So after Hillary’s win in PA, the new spin from her supporters, bloggers and politicans alike, is that she’s winning in the popular vote and therefore, she should be the nomiee for president. Obviously, only she can win the big states. He’s faltered now that the pressure is on him. Blah, blah, blah. You know what I say? This is a Pyrrhic victory for Clinton. She may have won the battle, but she won’t win the war.

Let’s look at a few bits of analysis from around the tubes. First, this interesting theory from Kos:

It’s my theory that no endorsement matters except those that deliver a machine. Senators have no machine, so they’re pretty worthless (like Bob Casey). Mayors and machine-state governors, like Nutter and Rendell, matter. Gavin Newsom in San Francisco, who has no machine, didn’t matter, but Antonio Villaraigosa in Los Angeles, who has one of the biggest machines in the planet, delivered strong for Clinton.
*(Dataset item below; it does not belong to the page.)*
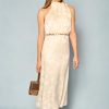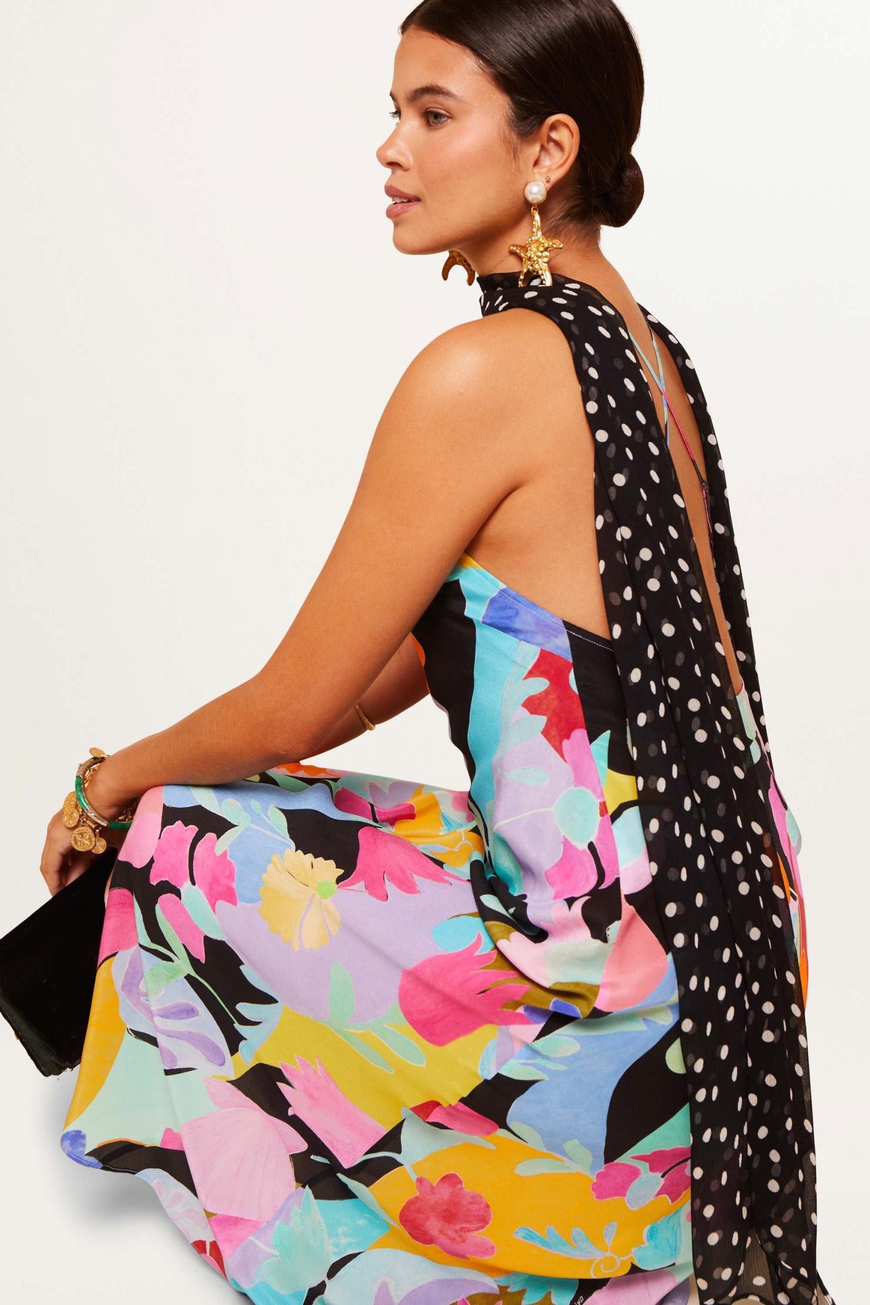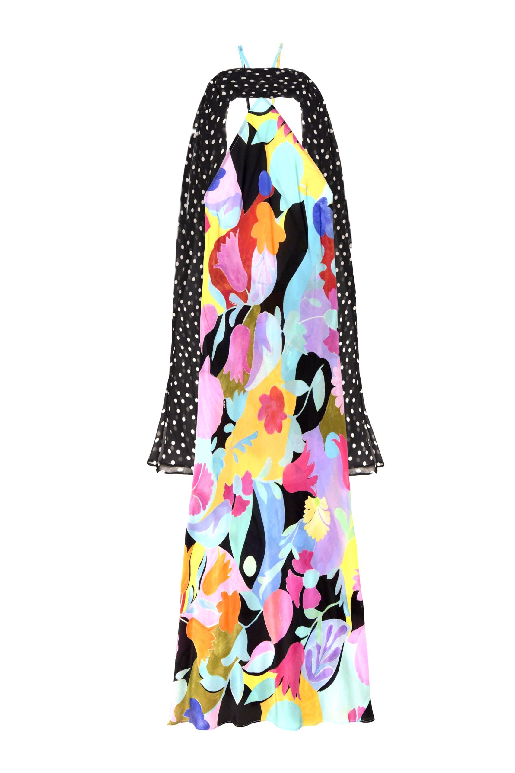 Product detailsDetailsMake an impression in our gorgeous Hayley dress. Its made from silk crepe de chine and comes with a detachable georgette scarf that looks so striking when it trails down the open back. The popper fastening makes it easy to remove.Fit
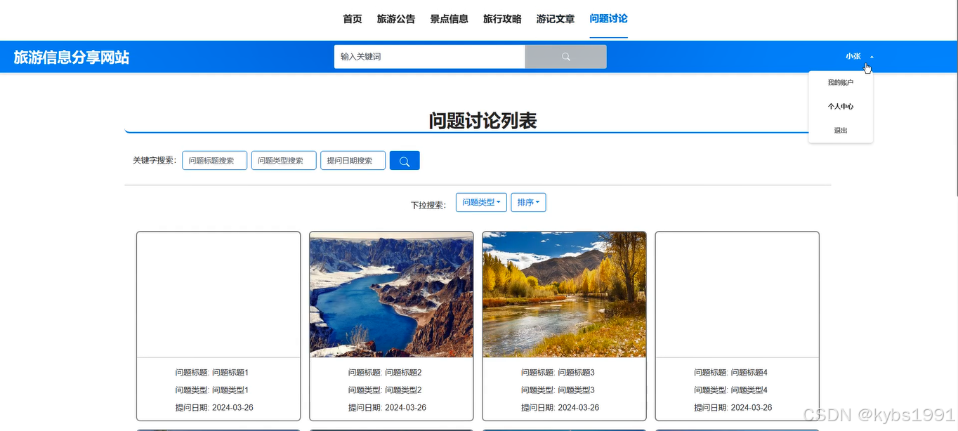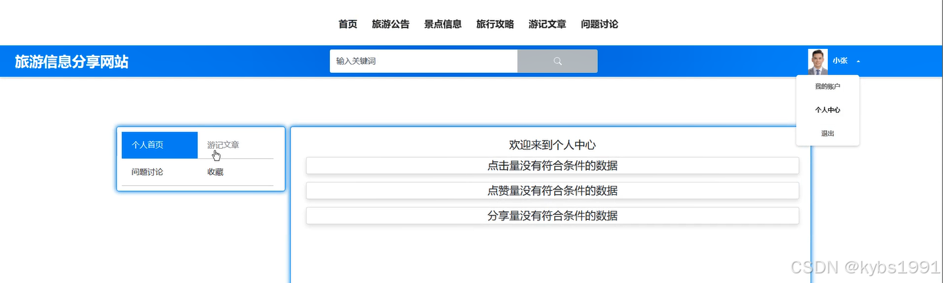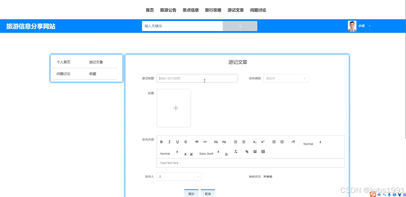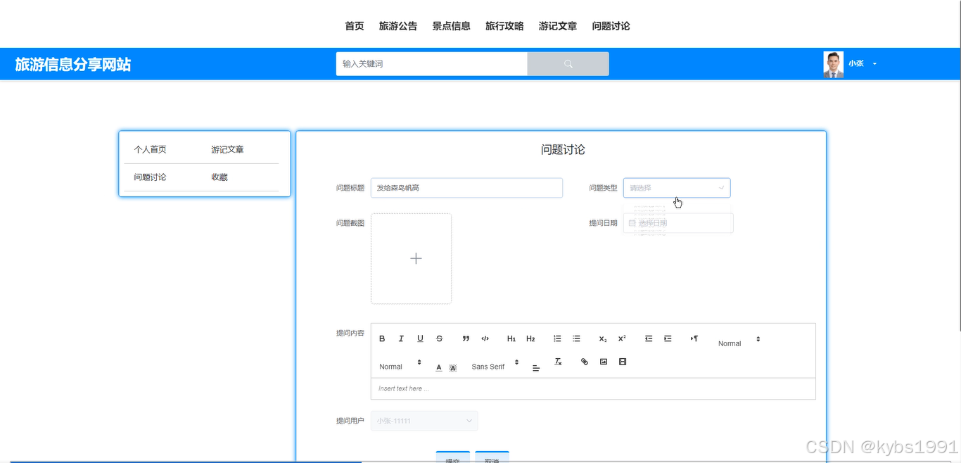 (8)个人中心:用户点击头像可查看“个人中心”,包括个人首页、游记文章、问题讨论和收藏。点击“游记文章”“添加”,输入游记标题,选择发布类别,上传封面,输入发布内容,选择发布人,点击“提交”按钮进行添加。点击“问题讨论”“添加”,输入问题标题,选择问题类型,上传问题截图,选择提问如期,输入提问内容和选择提问用户,点击“提交”按钮进行添加。

Obama won Connecticut in large part thanks to New Haven’s mayor John Destefano’s efforts. In Pennsylvania, Clinton had the state’s machine working on her behalf, and it clearly helped cut Obama’s margins in the Philly metro area.

That will even work in a place like here in NJ, where the state government is one big giant machine, and we already know Jon Corzine is cuckoo for Hillary. I’m on his email list and he’s put out several emails in support of Hillary.
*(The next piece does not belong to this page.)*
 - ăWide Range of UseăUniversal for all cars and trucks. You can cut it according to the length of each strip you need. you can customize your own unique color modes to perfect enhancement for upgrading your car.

Then, we have the reality of the numbers, as explained by Charlie Cook:

But today, she is 133 delegates behind Obama, 1,728 to 1,595, according to NBC News. At this point last week, she trailed by 136 delegates. Since then Clinton has scored a net gain of 10 delegates in Pennsylvania, according to NBC, but has lost a few more superdelegates, so she has made little headway.

Let’s not forget that her projections of primary vote include Michigan and Florida, the two races that don’t count because they broke the DNC’s primary rules. Besides, it’s not about the votes that matters. It’s all about the delegates stupid! More from Cook:

But you can’t change how the game is played once it has begun. The Democrats have decided that the nominee will be determined by the number of delegates won, not by the popular vote, and that primaries held in direct violation of party rules (in this case, Florida’s and Michigan’s) don’t count. End of discussion.
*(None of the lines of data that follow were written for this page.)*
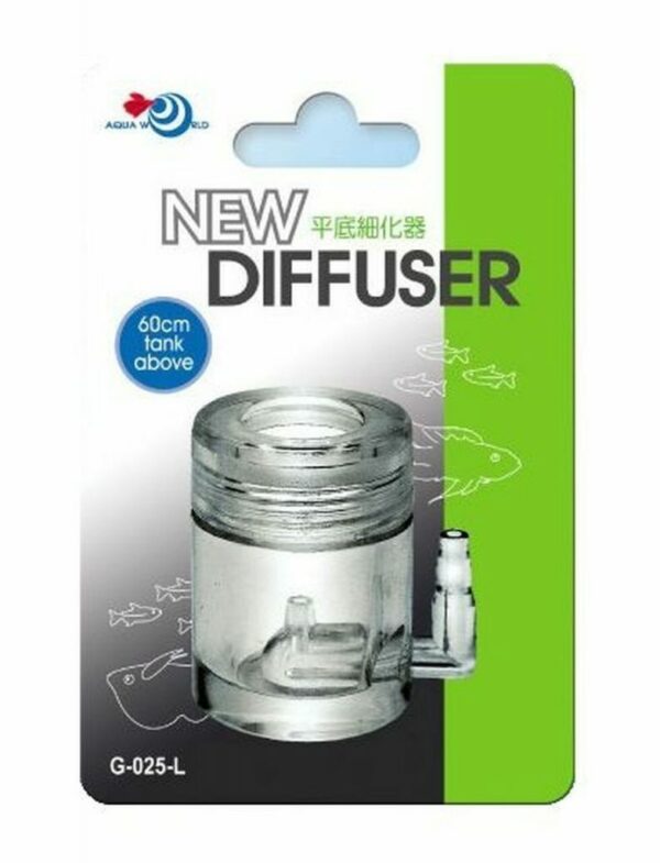 UP New CO2 Diffuser G-025-L The UP-Aqua New Diffuser is a small and unobtrusive CO2 diffuser with great performance. Excellent CO2 dissolution rates, easy maintenance and durable materials make this diffuser a perfect choice for all planted tanks. Designed to be used like a regular glass CO2 diffuser, but with the added addition of seeing the amount of bubbles injected into the aquarium. Small, easy to clean and hardwearing – this is the perfect diffuser for pressurised CO2 injection. Can be used in both low pressure and high pressure systems. For tanks 60cm and above. Note May produce large bubbles during the first few hours, will go back to normal (diffuses fine bubbles) after a while Instruction of use 1)Attach diffuser to your pressurized CO2 system 2)Bubbles will start to appear after few minutes 3)May produce large bubbles during initial use, will back to normal after few hours
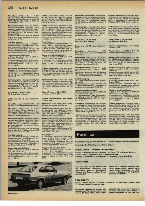 Limousine der unteren Mittelklasse, Frontantrieb, 1-Liter-Motor mit 40 oder 45 DIN-PS, 1,1-Liter-Motor mit 53 PS. Vier Ausstattungsvarianten: Fiesta, L, S und Ghia. Debüt Ende Juni 1976, 1.3 Herbst 1977.1 -Liter - 40/45 PS (DIN) Serienmässig für Fiesta, Fiesta L und Fiesta Ghia
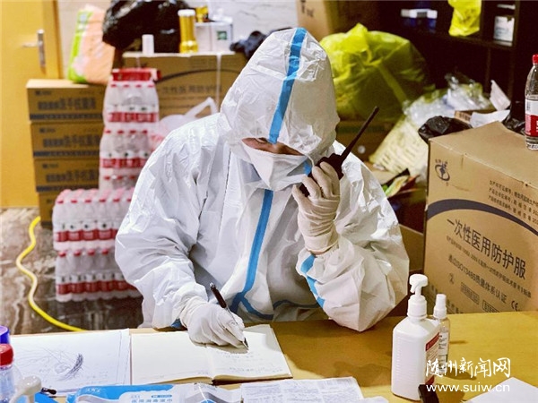 來(lái)自市中心醫(yī)院的劉召、金文文、隨縣馳援護(hù)士何先華、何云艷組成“一醫(yī)三護(hù)”醫(yī)護(hù)組,他們帶著光榮的使命與責(zé)任,不懼任何困難,每天與隔離人員接觸數(shù)十次,穿著密不透風(fēng)的防護(hù)服,每天凌晨3點(diǎn)就開始做核酸檢測(cè)、檢查隔離人員身體情況,衣服濕了干、干了濕。4月6日下午,醫(yī)護(hù)人員接到3001房求助信息,她家小孩不小心把頭磕破,急需幫助,醫(yī)護(hù)人員第一時(shí)間穿戴好防護(hù)服,沖進(jìn)隔離區(qū)檢查情況,由于防護(hù)罩起霧視線差,一度無(wú)法看清傷口具體深度,初步診斷需要縫針,因缺乏相關(guān)工具,在把情況匯報(bào)給負(fù)責(zé)人后,緊急協(xié)調(diào)聯(lián)系救護(hù)車,送往醫(yī)院救治,在傳來(lái)一切平安的消息后,所有工作人員懸著的心終于落地,忙完一切后已是第二天凌晨2點(diǎn)半了,諸如此類的情況還有許多。隔離點(diǎn)里有老人及兒童等特殊群體,醫(yī)護(hù)人員深知必須用更加嚴(yán)謹(jǐn)?shù)膽B(tài)度、更加專業(yè)的工作方式,去對(duì)待日常工作中每一處細(xì)節(jié),既要做好醫(yī)護(hù)人員的本職工作,解除隔離群眾身體和心理上的不適,更要當(dāng)好他們生活上的“貼心管家”,他們不顧個(gè)人安危,舍小家、顧大家,不畏困難和風(fēng)險(xiǎn),夜以繼日戰(zhàn)斗在疫情防控第一線,成為隔離點(diǎn)一道最靚麗的風(fēng)景線。
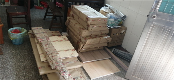 拆好的板師傅都整整齊齊放在墊板上,沒有高矮不齊的現(xiàn)象,板下面都?jí)|了墊板的哦,

So now that we have that down pat, let’s reexamine her victory. First off, she was projected to win the state by more than 20 points. She won it by 9. She netted 10 delegates from the victory, but hasn’t dented Obama’s lead. She’s not favored to win in North Carolina’s primary on May 6th, and Indiana is a tossup that can easily go Obama’s way if he campaigns strongly there. If she loses both of those, what then?

The most important thing is that this prolonged primary is souring a lot of people and is letting John McCain sit pretty and keep building his positive poll numbers. So yes, Clinton won PA, but at what cost to herself and the party in general? Sounds a lot like a Pyhrric victory to me.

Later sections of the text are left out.